On her first night alone in her new apartment, I went to visit her. I was concerned that she may need something and the routines of living with support were not yet in place. Some of her things were still in boxes. When I arrived to check on her, she was relaxing in her recliner reading her book. I brought a side table close to her chair and placed all of the things she needed most, close enough so that she could reach. I brought her medications to her and read her blood sugar level to her. I brought her slippers and sipped a tea with her.
That evening was fascinating for me as I discovered the amazing adventures that this senior and her husband experienced over the course of their lives together. She told of immigrating to Canada, meeting her husband and creating a life with her highly successful athletic children.
Through it all, I watched her transform a bit and find her new normal in life. Months later, we had another visit.
“Did you know that I was planning to kill myself in the days before I moved here?” she asked.
“No, I didn’t realize that you were so depressed.”
“Oh, you can’t even guess how depressed I was”, she said, “I wanted to roll my wheelchair out into the road and let a car hit me. I wanted to end it all, but didn’t have the energy.” She chuckled at herself.
“Do you still feel that way?” I asked.
“Oh, no. No. no. no. no.” She was adamant and passionate. “No, that has all gone away since I moved here.”
“How do you think that the depression and hopelessness left you?” I asked, “What do you attribute it to?”
“Easy”, she said quickly, “It’s the people. The people care. There’s someone with me every day. I just love the people… and I think they love me, too.” She burst out in happy laughter, dare I say… joy.
“I don’t worry anymore, I was so worried that I wouldn’t be ok.”

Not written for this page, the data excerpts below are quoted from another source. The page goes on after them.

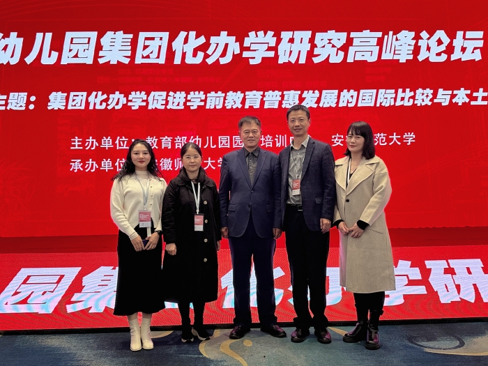 3月25至27日,学前教育学院院长蔡军、ac米兰官方网站实验幼儿园(西安市雁塔区第七幼儿园)执行园长吴丽英、挂职教师李帆帆博士、秦亚楠博士一行4人赴安徽芜湖参加了由教育部幼儿园园长培训中心、安徽师范大学主办的“幼儿园集团化办学研究高峰论坛”。
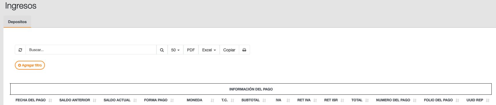 Las columnas que se encuentren bajo este título están relacionadas, con la información de los pagos relacionados a los documentos realizados.
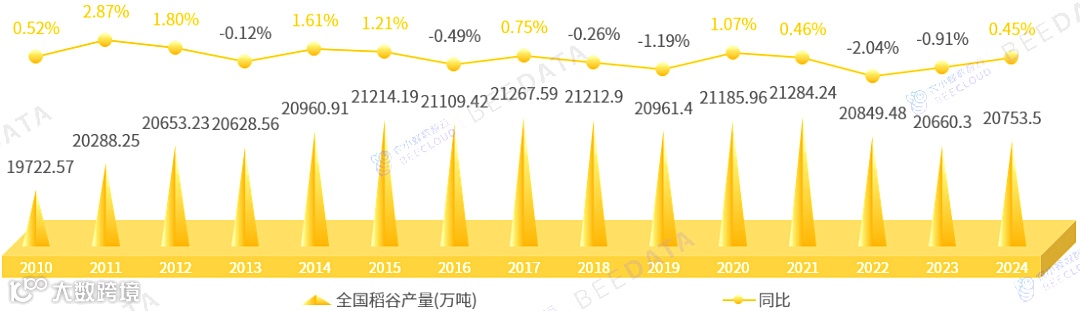 2024年,中国稻谷产量为20753.5万吨,同比增长了0.45%——为2022~2023年连降两年后的首次回升。

Moving to a community of care is not a guarantee to relieve the negative, painful emotions of depression and loneliness, but it is one consideration.
What are some other ways that seniors can build connection in order to decrease loneliness, isolation and depression?
Make yourself go out. If you only have the energy to do one thing, choose going to an event with other Christians. Worship with them. Study God’s word. Pray together.
Ask for help. Find a safe person who has been kind to you and ask them to help you find your way out of the pit that you are living in.
See your doctor. Your doctor may have information about resources and support groups that may be able to help you.
Get help sleeping. Depression and poor sleep are directly related. Go to a sleep clinic and have your sleeping assessed.
Do what you enjoy? It might be puzzles, golf, games night, church service, family dinners. Think about what you enjoy and spend your time, energy and money on it.
See a counsellor. They can help with figuring out how to keep going.
Trust in God, even when the way seems hopeless.
In the tragic story of Jacob, Joseph, Benjamin and Judah, we read of a family divided. Jacob was undoubtedly filled with anxiety and fear during the time when his sons were journeying to Egypt with his son, Benjamin. Left at home during the travels, his sense of isolation and anxiety must have been at an all-time high. These days were dark and depressing days for Jacob. Circumstances for seniors can feel like this. They can feel the loneliness, depression and fear that comes when one has to choose between awful and horrid.
In this dark time, call out to God. Trust in Him! Joseph describes his painful journey of betrayal and abandonment to his brothers when he says, “you intended to harm me, but God intended it for good.”
He can pull you out of the pit that you are in. He can provide what you need to make it through. It may mean making a difficult choice, but God can do a miracle, intending it for good.
Sharon Simpson is the director of Communications and Stakeholder Engagement at Menno Home in Abbotsford, BC.